Stored items:
"""
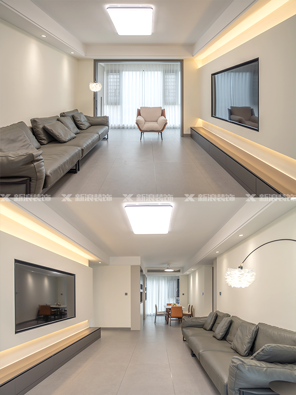 極簡(jiǎn)電視背景墻、一門到頂高端定制柜展現(xiàn)整屋高級(jí)感
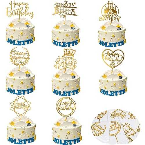 9 個のアクリルケーキトッパーゴールドハッピーバースデーケーキトッパー誕生日ケーキデコレーション用品 YMoment 9Pcs Acrylic Cake Toppers Gold Happy Birthday Cake Topper Birthday Cake Decoration Supplies
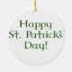 Chás de camarões em vários tamanhos e tons de cobrir verde este adorável ornamento. Embora o gráfico no verso leia "Feliz Rua. Dia de Patrick" em uma fonte maravilhosa, celta-esca, você é bem-vindo a mudar esta mensagem para melhor adequá-la aos seus propósitos. Embora fosse um adorável ornamento da Árvore de Natal, particularmente para o seu irlandês favorito (ou mulher), ele faz uma adorável ornamentação de "Primeira Rua do Bebê. Dia do Patrick" e um adorável adorno para presentes de aniversário e cestos de presentes. Pode até querer incluir uma data comemorativa no seu ornamento.
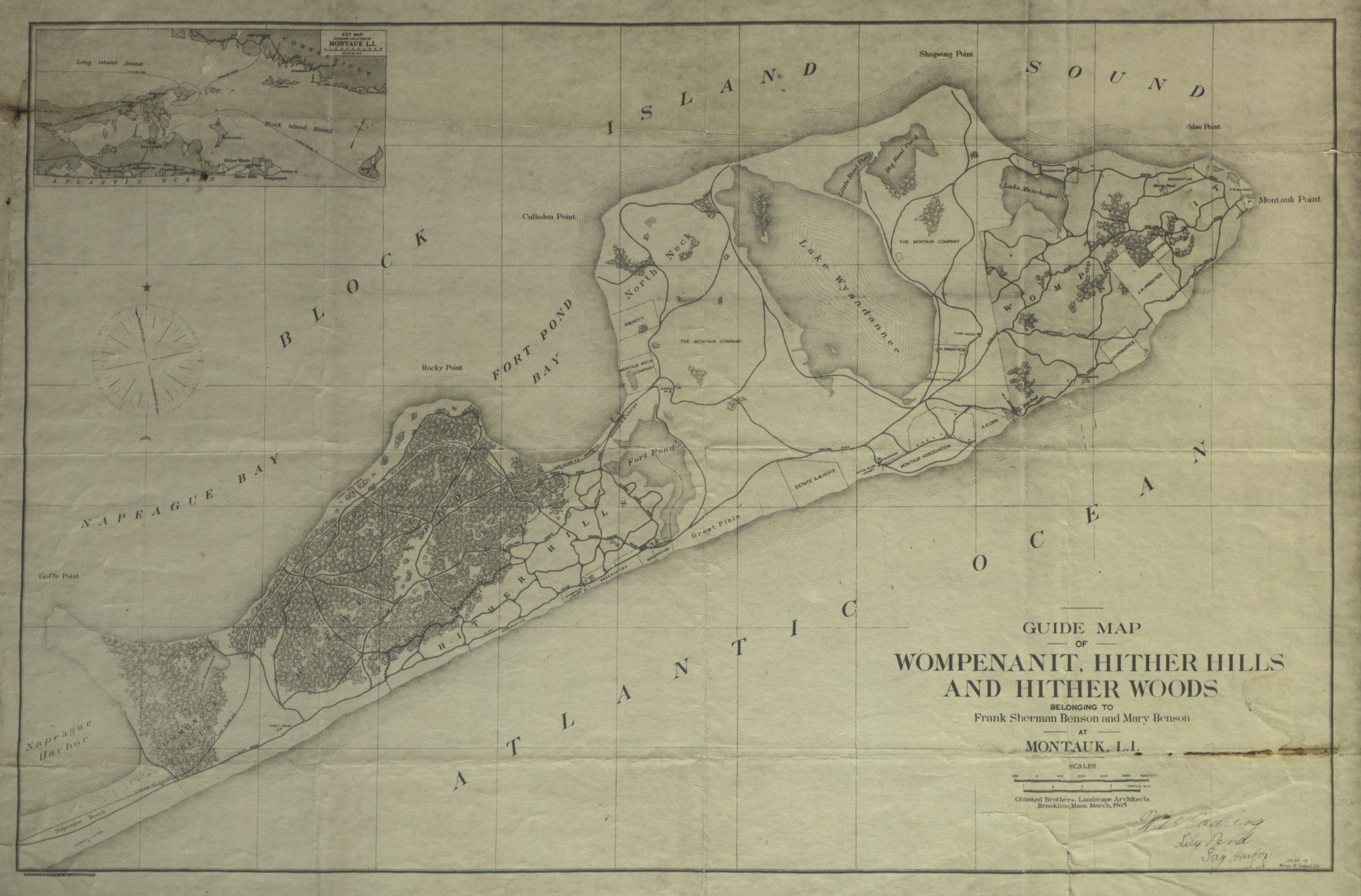 Guide map of Wompenanit, Hither Hills, and Hither Woods, belonging to Frank Sherman Benson and Mary Benson at Montauk, L.I., by Olmsted Brothers, Landscape Architects, March, 1905. Map of area from the eastern shore of Napeague Harbor to Montauk Point [areas owned by the Benson's shaded green on color print copy]; includes Culloden Point, Shagwong Point, False Point, Montauk Point, Lake Wyandannee, Goffe Point, and the lands of A.M. Hoyt, A.E. Orr, J.H. Prentice, E.O. Steel, the Montauk Company, and the Montauk Association. Features delineated included existing adjoining landowners and structures, the tracks of the Long Island Rail Road Montauk Extension, existing structures and roads, and numerous localized place names. Name "William B. Codling, Lily Pond [East Hampton Village, N.Y.], Sag Harbor" handwritten on bottom right corner [real estate professional], [map no.] 2636-13 William M. Humans Del. [likely the draftsman].
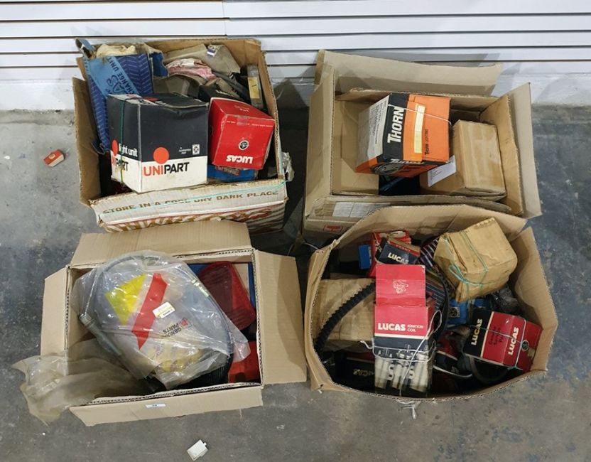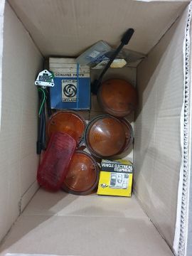 Assorted car parts, some still in packaging
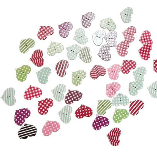 50pcs Heart Shape Decorative Painted Wooden Buttons Wood Button Wooden Decorations
"""
To do — Please reproduce the lines above from the one containing "Assorted car parts, some still in packaging" through the final line, exactly and inclusively, leaving out each picture.

Solution —
 Assorted car parts, some still in packaging
 50pcs Heart Shape Decorative Painted Wooden Buttons Wood Button Wooden Decorations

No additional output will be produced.